Will you be playing any piano?

Yeah, last night I did, I opened with a tune that I just recorded on the new record that’s going to come out, a Ladino song that I sing and play piano on. Yeah, I might do that, sure.

What instrument do you travel with?

It’s a Freschner, German-made, hundred year-old Freschner, a beautiful bass that I’ve had now for…sixteen years? Probably.

I talked with cellist Zoe Keating once and she described finding a new instrument as being like dating.

I hope dating is not like that. Looking for an instrument is not fun.

Did you ever play Portland with Chick Corea’s band?

I don’t really remember.

Do you keep in touch?

Yeah, I just saw him about a month and a half ago.

Do any playing with him?

We haven’t. Our schedules are conflicting each other, that’s a good thing, but I think we will in the future. At this point, it’s just impossible, but I was lucky to be around in Tel-Aviv when he came to play. We hung out for a while.

Is that where you’re living?

Yeah, I’ve been there six years now since I moved from New York.

You’re one of the few bass players who accompany themselves while you sing…just you and the bass. You can go way back and think of Slam Stewart…it’s unusual, it’s a beautiful sound.

First of all, it’s different from Slam and Major Holley because what they did, beautifully, was they sang their solos with the bow. They would be an octave above the bow…they created a beautiful sound that was very recognizable for what they did.

I’m doing something a little different where I’m actually playing the bass and singing a different line…even harder in some ways…another kind of thing.

How is it harder? What’s the challenge?

It’s a big challenge because it’s like playing a Bach invention…counterpoints and stuff…it doesn’t always go with what you sing, you go down with the bass line and sing upward with your melody and…it’s almost like a tri-dimensional thing. You have to practice a lot to really be comfortable with it. In the beginning it was…I had to work a lot at it which was a great thing because I’m always looking for challenges.

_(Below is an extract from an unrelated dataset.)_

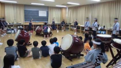 こざくらの皆さんに盆太鼓の打ち方を習いました。模範演技をみんな真剣に見ています。グループに分かれて練習しました。

I started singing more with the piano. I have composed on piano for years but then I said to myself, “I got to try it with the bass.” And that became another task. It’s great, but it’s a great challenge. You’ve got to be on top of your game.

What are you working on now that’s challenging?

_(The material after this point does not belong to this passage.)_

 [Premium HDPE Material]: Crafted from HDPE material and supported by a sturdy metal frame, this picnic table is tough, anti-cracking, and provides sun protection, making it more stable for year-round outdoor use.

I did a new record, recorded it a few weeks ago, there’s some new tunes…there’s this one tune in 13/8 that’s very challenging to play, to improvise on. Opening it up is another thing. I have no one to study that from. I don’t know anybody who really does it so I have to invent my own ways, and my piano player has to invent his own ways of learning a whole new way of improvising fluently on 13/8 with the movement of chords and everything. It’s not easy. That’s a new challenge.

How is it going?

It’s going well. We’ll probably play it. It’s called “Dreaming.” You don’t necessarily hear that we struggle when we play it, but in our own way we have a lot to grow with it still, because we just started playing it.

So you work on it from the bandstand.

Of course. As you get more confidence in what you’re doing, you must grow. If i leave everything for rehearsal, then part of the fun is gone. The challenge of having to make sense on the bandstand brings another level. You get better. I do because I have to make it happen.

I think it’s part of the tradition…a sense of Jazz or improvising, really…to take the chance and to maybe not be great that one night…or have thoughts of how to make it better but the challenge of having to make it work, not knowing if it will. It’s part of what makes us who we are as improvisers and defines us as Jazz musicians or musicians who go beyond what’s written. You have to keep that alive, otherwise you have to keep that going or it gets boring for people like us. We’re just always wanting to go free.

I don’t play standards very much, but it doesn’t matter what you play, original or standard, you can play it thousands of times and make sense or make it into something else just because you’re letting yourself be who or what you are at the momemnt…react to life rather than any other rules. You know the rules, you know the music, what you got to do is be yourself at that moment, and miracles do happen.